=== Section Start ===
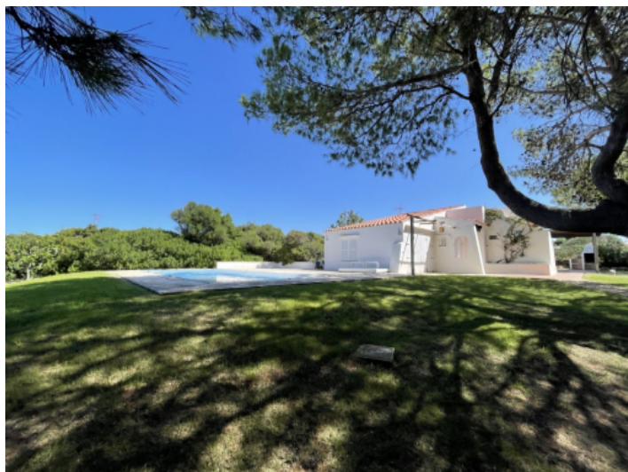
view to the house
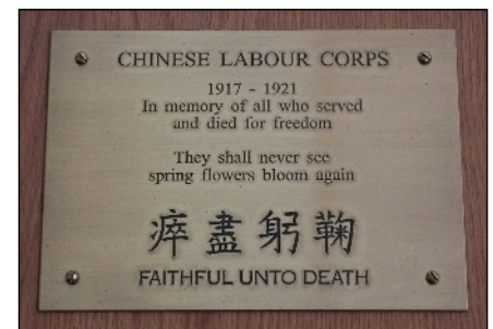
Memorial Plaque to the Chinese Labour Corps, St George's Memorial Church. This plaque was erected around ten years ago
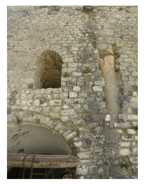
Figures 11.6b–c The war inflicted great structural damages to the mosque, revealing older pillars from a previous structure buried within its walls. These remnants might be seen as indicative of a unique preservation approach that opted not to tear down, but rather to build on.
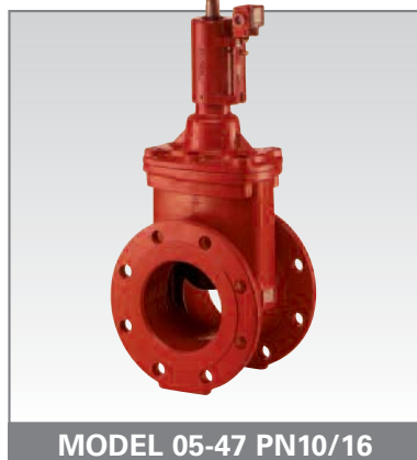
MODEL 05-47 PN10/16
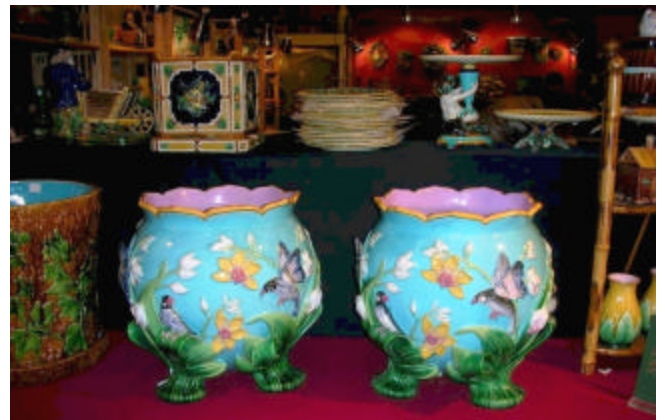
Two is always better than one!
=== Section End ===
Directions >>
The entries above must be restated exactly in the answer, and the pictures left out.

Task solution >>
view to the house
Memorial Plaque to the Chinese Labour Corps, St George's Memorial Church. This plaque was erected around ten years ago
Figures 11.6b–c The war inflicted great structural damages to the mosque, revealing older pillars from a previous structure buried within its walls. These remnants might be seen as indicative of a unique preservation approach that opted not to tear down, but rather to build on.
MODEL 05-47 PN10/16
Two is always better than one!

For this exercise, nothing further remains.